The word freedom is hypocritical when spoken by the people who create the conditions that leave us sick and powerless. If our federal government and our commercial medicine make us unhealthy, they are making us unfree.’

(…)

‘I was in sepsis for a long time. Britain’s National Health Service recommends that antibiotics be administered to a septic patient no later than one hour after admission to a hospital. My father-in-law, a physician, was trained that the doctor should see to this personally. In my case I had to wait eight hours, until after that surreal second spinal tap. Nine hours after that test’s negative result, the curtain was drawn, and my bed was pulled from the alcove into an operating room. Someone had finally looked at my scans from the time of the appendectomy and noticed the neglected liver problem. A new scan then showed that the abscess in my liver had grown very large during the two weeks it was ignored. After an urgent procedure to drain my liver, I was wheeled to a hospital room, the one where I would spend the last two days of 2019 and the early part of 2020. After my postoperative care was mishandled, I underwent another procedure on my liver, to add two more drains.
I was released weeks later with nine new holes in me: three from the appendectomy, three for liver drains, two from spinal taps, and one in my arm for the tube that channeled the antibiotics I inject. My hands and feet are still tingling, from what my neurologist now believes is nerve damage caused by my immune system when it reacted to an overwhelming threat.
As I write, I am still in treatment: taking medication, undergoing tests, and seeing doctors. For me, writing is part of the treatment. My own malaise has meaning only insofar as it helps me understand our broader malady.
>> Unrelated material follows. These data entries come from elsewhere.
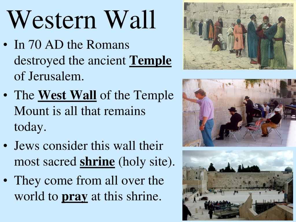 Western Wall • In 70 AD the Romans destroyed the ancient Temple of Jerusalem. • The West Wall of the Temple Mount is all that remains today. • Jews consider this wall their most sacred shrine(holy site). • They come from all over the world to prayat this shrine.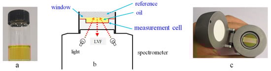 MicroNIR 1700 handheld spectrometer with a liquid-sample accessory for measuring oil samples (a), schematic diagram of the measurement (b), and the liquid-sample accessory (c). Reproduced (CC-BY 4.0 license) from [].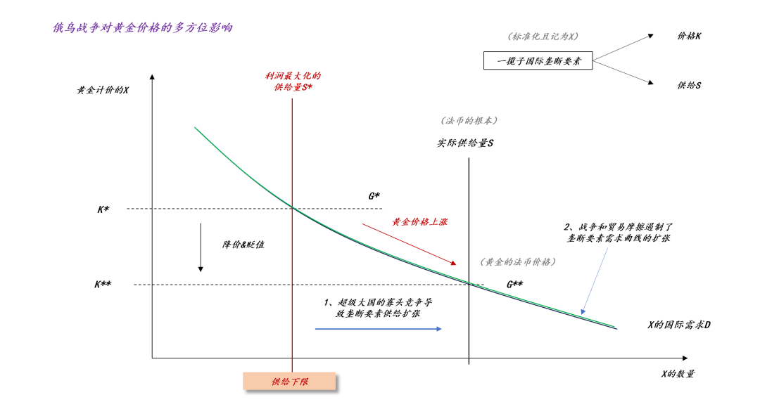 上图概括了整个过程,俄乌战争导致黄金拿到了它所能拿到的最好的组合,一方面,垄断品的供给曲线S大幅扩张;另一方面鼎茂策略,垄断品的需求曲线D保持不动,甚至出现萎缩。在这个过程中,法币贬值是一个十分自然的结果。

I remember places where I should not have been, things that should not have happened, not to me nor to anyone else, and I want to make sense of them.
After I was discharged from the hospital in New Haven, I heard that colleagues were astounded that my wife and I hadn’t called in powerful patrons to protect me when I was in the emergency room. That had not occurred to us. If the system does work that way, it should not. If some Americans have access to health care thanks to wealth or connections, they will feel pleased because they are included and others are not.’

(…)

‘If health care were a right, we would all have better access to treatment and would all be liberated from the collective of pain. Health care should be a right, not a privilege, for the sake of our bodies, and for the sake of our souls.’

Read the article here.

Yes, very much so.

But a few notes. ‘It is the nature of the system that doctors are harried and make mistakes.’ And that’s very human also.
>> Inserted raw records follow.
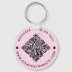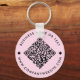 Customisable QR Code keychain, with a pink background. To generate a new QR code on the design, add your website URL or social media handle in the " personalise this template" feature.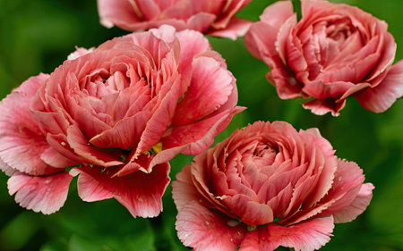 Beautiful ranunculus flowers at the garden. Selective focus. Floral background for seasonal cards, blogs, posters and web design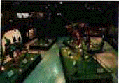 群馬県中里村の恐竜センターの タルボサウルスの復元像も身体を水平に延ばした姿で

Connections are important in every country, but in some countries more openly. In a decent country with a decent health care system, every patient should be treated as if he has connections. In my experience, the German health care system comes close to this.
Bu for example, I remember people in Turkey complaining about severe corruption in their health care system.
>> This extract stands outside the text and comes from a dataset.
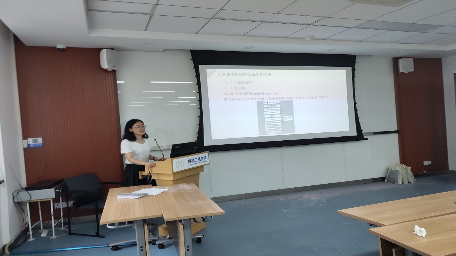 崔学芳老师首先对近期2019届毕业研究生工作进行小结,对全体毕业生同学的配合表示了感谢,并对下一阶段的作出安排和指导,强调要进一步明确“毕业季”相关工作和毕业离校前各重要事项的时间节点,同时提高安全意识,为顺利毕业离校做准备。

Commercial medicine does exist outside the US, but often more regulated.

Better access to treatment is absolutely needed, but are we talking about single-payer health care? I’m in favor of the Canadian system for the US, but we cannot vote for it, it’s not part of the Biden/Harris plan at the moment. It is not clear to me at the moment what their plan regarding health care is. And maybe it’s not important. First let’s defeat you-know-who and then go back to 2012? 2008? 2016?

It’s important, I would say, to accept that the US is a world power and third world country at the same time, sometimes a US hospital will feel eerily like an Uzbek hospital.

How can you be surprised about this after having lived in this county for so many years? That’s a different question. Academia is also a diversion.